Савинов назвал себя. Ильин вдруг весь встрепенулся, и глаза его широко раскрылись.
— Савинов?.. Тот самый, что в соборе?.. Знаменитый?..
— Ну, уж и знаменитый. Это вы слишком сильно, голубчик.
— Но это вы? Вы?
— Ну я, если хотите…
— Родной мой, видел. Своими глазами видел, — воскликнул Ильин, и что-то похожее на умиление затеплилось в его опухших глазах. — Господи, красота-то какая! Ручку мне пожалуйте, ручку… не откажите.
Савинов дружески открытым жестом протянул руку и не успел отнять ее, как почувствовал на ней холодное и мокрое прикосновение губ Ильина.
— Фу! Как вам не стыдно! — сказал он укоризненно и краснея. — Разве можно такие вещи делать?..
Ильин приложил обе руки к груди крестом и изо всей силы сжал их.
— Господин Савинов! Не вам руку целую, — выкрикнул он восторженно. — Русскому гению руку целую… Я — мертвый человек — новую зарю приветствую в вас.

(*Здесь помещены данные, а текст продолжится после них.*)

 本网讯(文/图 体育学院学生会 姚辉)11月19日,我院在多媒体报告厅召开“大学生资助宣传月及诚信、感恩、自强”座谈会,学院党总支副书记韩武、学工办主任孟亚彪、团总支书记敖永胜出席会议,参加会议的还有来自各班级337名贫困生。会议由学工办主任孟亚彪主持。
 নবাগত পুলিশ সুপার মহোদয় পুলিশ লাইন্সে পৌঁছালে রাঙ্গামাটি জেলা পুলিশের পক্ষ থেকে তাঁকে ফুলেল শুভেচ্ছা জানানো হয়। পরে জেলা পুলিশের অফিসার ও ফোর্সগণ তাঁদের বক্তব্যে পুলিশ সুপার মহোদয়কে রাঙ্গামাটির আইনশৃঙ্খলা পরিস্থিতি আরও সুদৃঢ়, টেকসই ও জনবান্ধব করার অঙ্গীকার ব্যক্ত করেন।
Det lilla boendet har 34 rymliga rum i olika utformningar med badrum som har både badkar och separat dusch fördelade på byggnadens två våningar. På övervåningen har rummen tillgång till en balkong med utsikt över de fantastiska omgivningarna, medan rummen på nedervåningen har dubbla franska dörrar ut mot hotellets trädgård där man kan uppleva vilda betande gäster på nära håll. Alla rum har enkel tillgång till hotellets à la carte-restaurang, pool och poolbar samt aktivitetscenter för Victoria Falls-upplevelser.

Савинов в замешательстве оглянулся по сторонам. Вокруг них уже начала собираться глазеющая публика: мальчишка в белом переднике, с рогожным кульком подмышкой, две девицы в платочках, щелкающие подсолнушки, какой-то подержанный господин в цилиндре, торговка с двумя корзинами, надетыми на коромысло. Стоять здесь дольше было неловко. Но в то же время нельзя было оставить Ильина, бросить его на произвол судьбы, отделавшись от него несколькими копейками. Этого не позволяла Савинову его деликатная, бесконечно мягкая натура.

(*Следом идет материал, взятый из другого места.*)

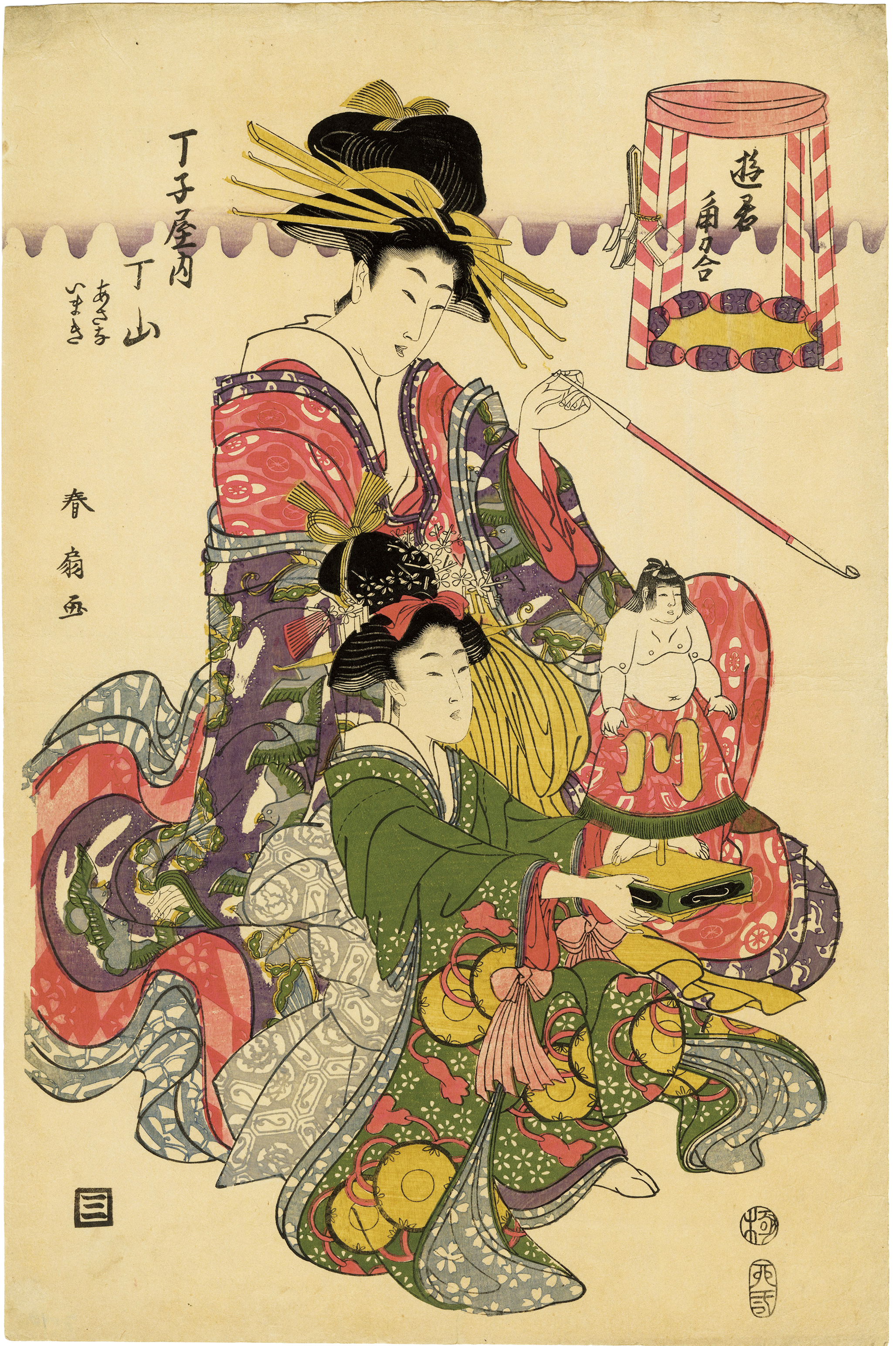This piece is from a series that combines a courtesan with objects related to sumo.

— Знаете что, Ильин, — вдруг нашелся он. — Идемте-ка ко мне в гостиницу. Я теперь один-одинешенек, и вечер у меня свободный. О старине потолкуем. Идемте…

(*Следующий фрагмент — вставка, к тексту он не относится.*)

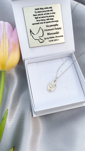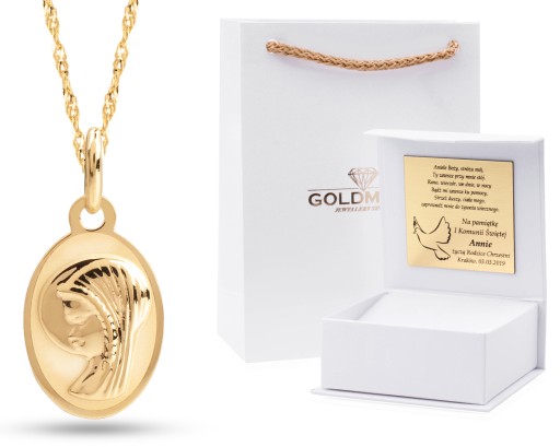 Złoty komplet, medalik z łańcuszkiem w całości wykonane ze złota próby 333. Zestaw idealnie nadaje się na takie okazje jak Chrzest Święty lub Komunia Święta. Dzięki bezpłatnemu grawerunkowi prezent stanie się jeszcze bardziej indywidualny. Biżuteria oferowana przez nas jest najwyższej jakości. Zdjęcia są naszego autorstwa, przedstawiają dokładnie ten produkt, który kupujesz! Do każdego zakupu otrzymasz gratis wybrane pudełko wraz z grawerunkiem. Możliwość wykonania dedykowanego napisu na wybranych medalikach.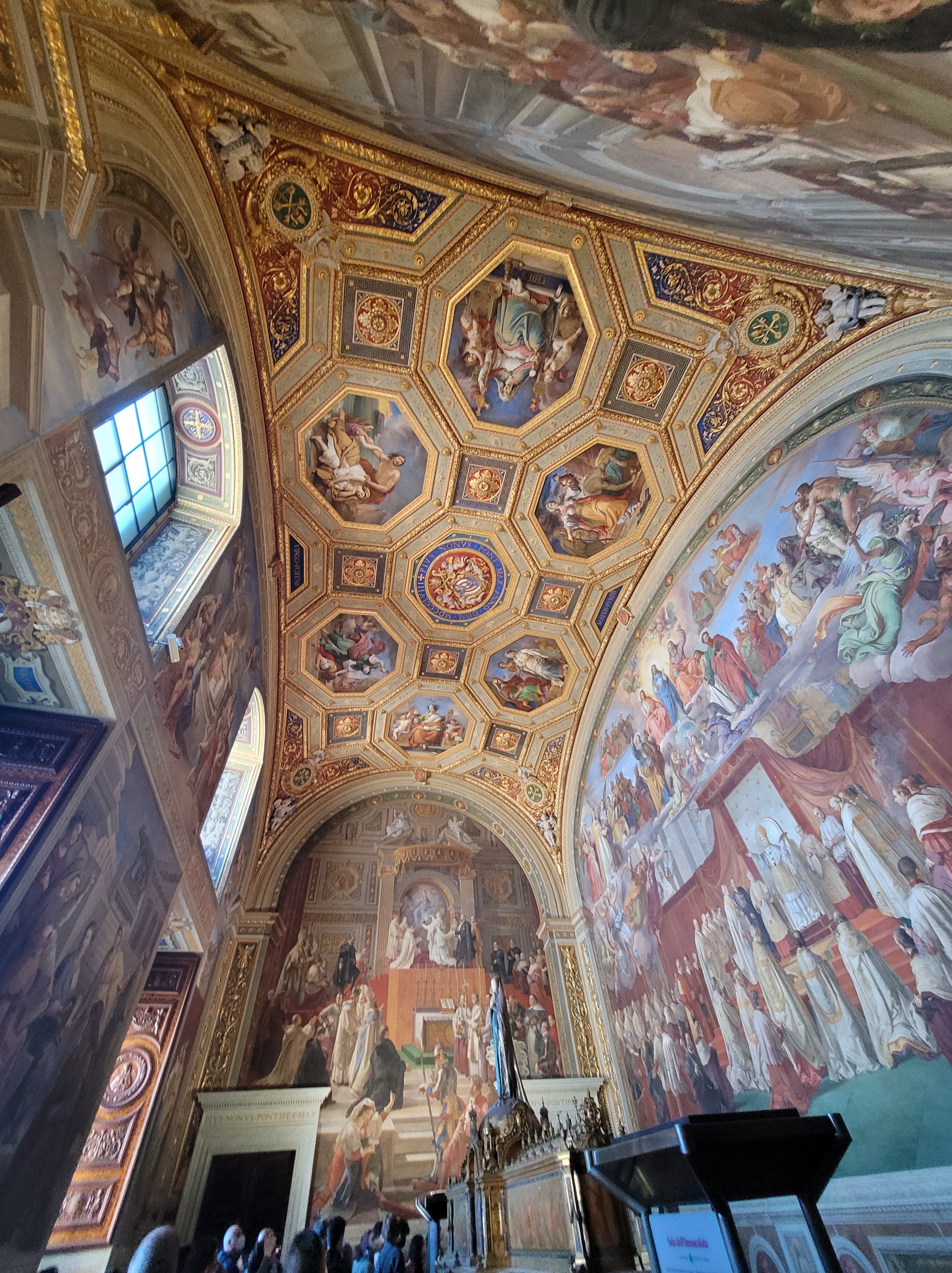 Tuesday was Vatican tour day. Although we got the VIP tickets with early entry, it didn’t feel that was as the place was crowded as can be. The tour guide was wonderful providing us with some interesting facts about the Vatican and everything we were admiring. The Sistine Chapel was gorgeous, unfortunately photos are forbidden, as was talking. A speaker would play overhead when people started to talk to tell them to shut up. I had fun pointing out all of the fig leaves of different colors that covered the once exposed genitalia of the male statues. It was pope pius IX who went around with a hammer and chisel to remove the male members from the Vatican as he didn’t want it to incite lust in the vatican…(so many jokes, so little time).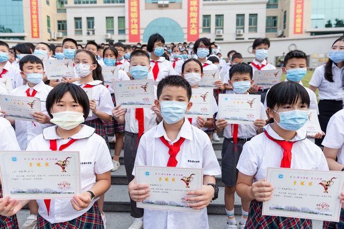 秋風(fēng)起兮木葉飛,博文柳畔書聲起。9月2日,廣東博文學(xué)校全體師生歡聚一堂,在學(xué)校復(fù)興廣場舉行2020-2021學(xué)年度開學(xué)典禮,懷著對未來的無限憧憬,共同開啟博文新篇章。廣東博文學(xué)校校長張海經(jīng)、學(xué)校黨支部書記李敏、董事長助理羅勰平、學(xué)校副校長任德利以及各學(xué)部校長出席典禮,典禮由任副校長主持。
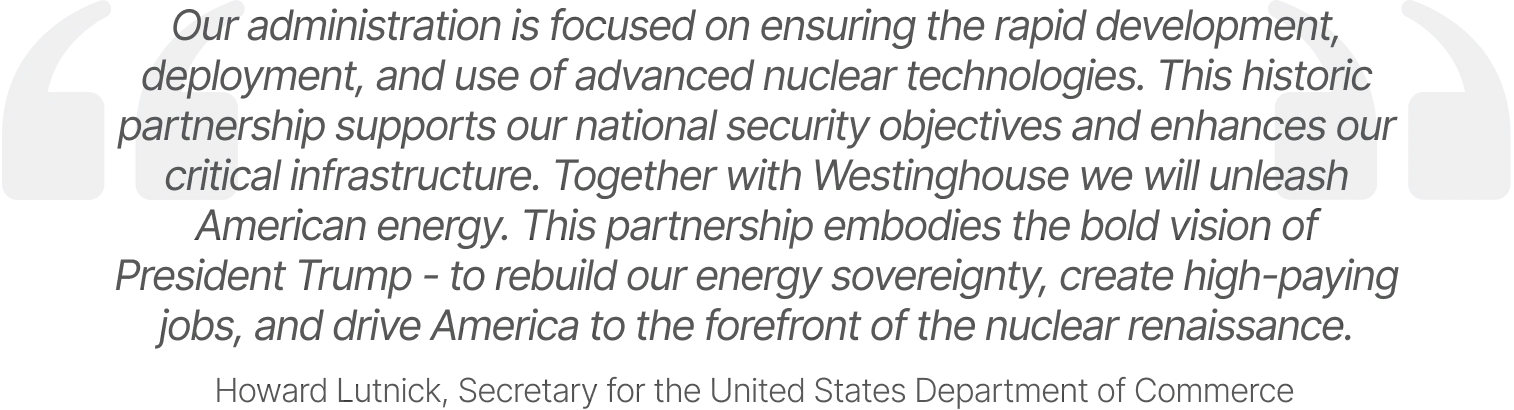 Under the partnership, Westinghouse will deploy its AP1000 reactor, which is the most advanced reactor commercially available and boasts the smallest footprint per MWe in the market. Once constructed, the reactors will generate reliable and secure power for a range of applications, including for data centers that will drive America’s growth in artificial intelligence (AI).

— Одет-то уж я больно того… — замялся Ильин.
— Э, пустяки какие. Да, наконец, у меня есть, кроме общего хода, свой отдельный ход, и ключ постоянно в кармане. Закусим чем бог послал, поболтаем. Может быть, и придумаем что-нибудь сообща. Идем. До меня отсюда всего два шага.
* * *
— Видел я вашу картину. Созерцал, наслаждался и плакал, — беспорядочно и восторженно бормотал Ильин, идя рядом с Савиновым и поминутно сбегая с тротуара на мостовую, чтобы дать дорогу встречному прохожему. — Потрясла она меня до самого нутра. До остолбенения. И ведь как это случилось странно. Иду я мимо собора. Глядь, подъезжают четыре коляски, все собственные, и останавливаются у входа. Вылезают какие-то дамы, должно быть аристократки, и с ними генерал и два штатских. Пошли они в собор. Ну, сторожа, понятно, за ними следом кинулись. А я тем временем — шмыг и проскочил во внутрь. Что греха таить, пьяненький я в ту пору был, а потому и храбрый, а на счастье и полиции кругом не случилось. Да-с. Вошел я в собор, да так, знаете, к полу и прирос. В дрожь меня кинуло. Стоит она на высоте, точно парит в воздухе, непорочная, чистая, прекрасная, и глаза большие такие, ясные, кроткие, прямо на меня в упор смотрят, но не гневно… Нет! Смотрят печально так, жалостно. О господи! А я-то нетрезвый, гаденький, грязный, в отрепьях, только из вертепа вырвался… Жутко мне сделалось, а глаз отвести не могу… И вдруг меня точно толкнуло что-то. «Боже мой, — думаю я, — да ведь это моя мечта, ведь этот самый идеал я носил в душе, когда она еще была чиста, ведь и я мог бы создать что-нибудь похожее на этот божественный образ». Страшный это был момент, господин Савинов. Страшный потому, что я вдруг сразу, необычайно ясно понял, ощутил и измерил ту глубину, в которую я полетел вверх тормашками… Заплакал я… Ну, конечно, подошел сторож. «Тебе чего здесь нужно, босяк, пьяная морда?» Мигом выволок меня из собора и с лестницы. А я… что же мне еще оставалось? Нарезался я в этот день, как скотина, и все ревел. Потом подняли меня без памяти… ночевал я в участке. Эх! и говорить-то гадко!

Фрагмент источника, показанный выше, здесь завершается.